The 1396p provisions in the United States Code govern the creation and requirements for such trusts. First and foremost, a client must be disabled in order to create a Special needs trust. There are two primary types of trusts that may be created to hold a personal injury recovery each with its own requirements and restrictions. First is the (d)(4)(A) special needs trust which can be established only for those who are disabled and are under age 65.
This trust is established with the personal injury victim’s recovery and is established for the victim’s own benefit. It can only be established by a parent, grandparent, guardian or court order. The injury victim can’t create it on his or her own. Second is a (d)(4)(C) trust typically called a Pooled Trust that may be established with the disabled victim’s funds without regard to age. A pooled trust can be established by the injury victim unlike a (d)(4)(A).
A client who is a current Medicare beneficiary or reasonably expected to become one within 30 months must take Medicare into consideration when settling their claim. Medicare only pays for medical treatment relating to an injury to the extent that the primary payer does not pay.
Since Medicare isn’t supposed to pay for future medical expenses covered by a liability or Workers’ Compensation settlement, judgment or award, CMS recommends that injury victims set aside a sufficient amount to cover future medical expenses that are Medicare covered. CMS’ recommended way to protect an injury victim’s future Medicare benefit eligibility is establishment of a Medicare Set Aside (“MSA”) to pay for injury related care until exhaustion.
Medicare Set Aside may be advisable in order to preserve future eligibility for Medicare coverage. A Medicare set aside allows an injury victim to preserve Medicare benefits by setting aside a portion of the settlement money in a segregated account to pay for future Medicare covered healthcare.
The funds in the set aside can only be used for Medicare covered expenses for the client’s injury related care. Once the set aside account is exhausted, the client gets full Medicare coverage without Medicare ever looking to their remaining settlement dollars to provide for any Medicare covered health care. In certain circumstances, Medicare approves the amount to be set aside in writing and agrees to be responsible for all future expenses once the set aside funds are depleted.

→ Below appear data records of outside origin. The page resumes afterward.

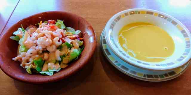 その前にサイゼリアでヒルメシ、前菜に『小エビサラダ&コーンスープ』♪
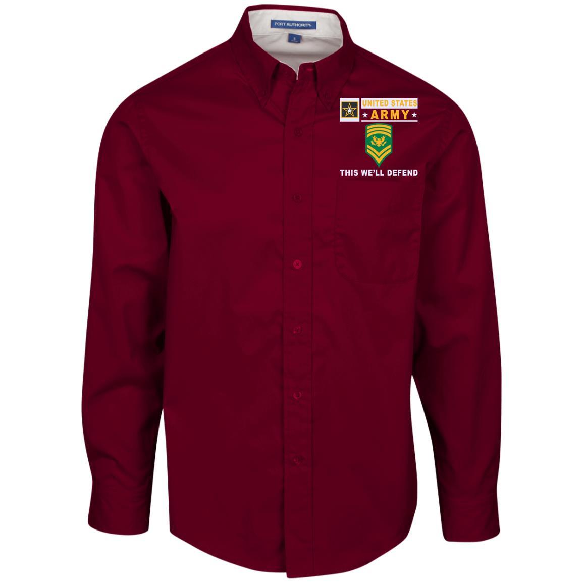 US Army E-9 SPC E9 SP9 Specialist 9- This we’ll defend Embroidered Dress Shirt – Workshirt
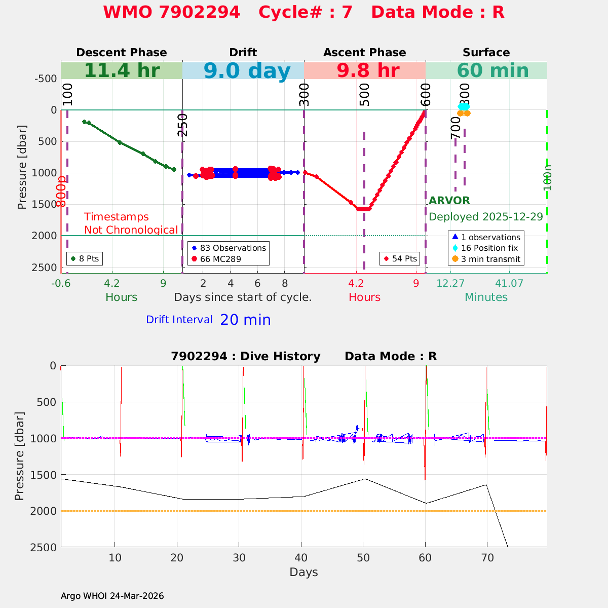 | WMO: #7902309 DAC: coriolis PI: Damien DESBRUYERES ARVOR_D: # KISTLER_10153PSIA: #5595215 SBE41CP: #13348 AANDERAA_OPTODE_4330: #3498 Altimeter Comparison (IFREMER) EuroArgo Link | ![]() |

If you have a client that is a Medicaid and Medicare recipient, extra planning may be in order. If it is determined that a Medicare Set Aside is appropriate, it raises some issues with continued Medicaid eligibility. A Medicare Set Aside account is considered an available resource for purposes of needs- based benefits such as SSI/Medicaid.
If the Medicare Set Aside account is not set up inside a Special Need Trust, the client will lose Medicaid/SSI eligibility. Therefore, in order for someone with dual eligibility to maintain their Medicaid/SSI benefits the MSA must be put inside a Special Needs Trust.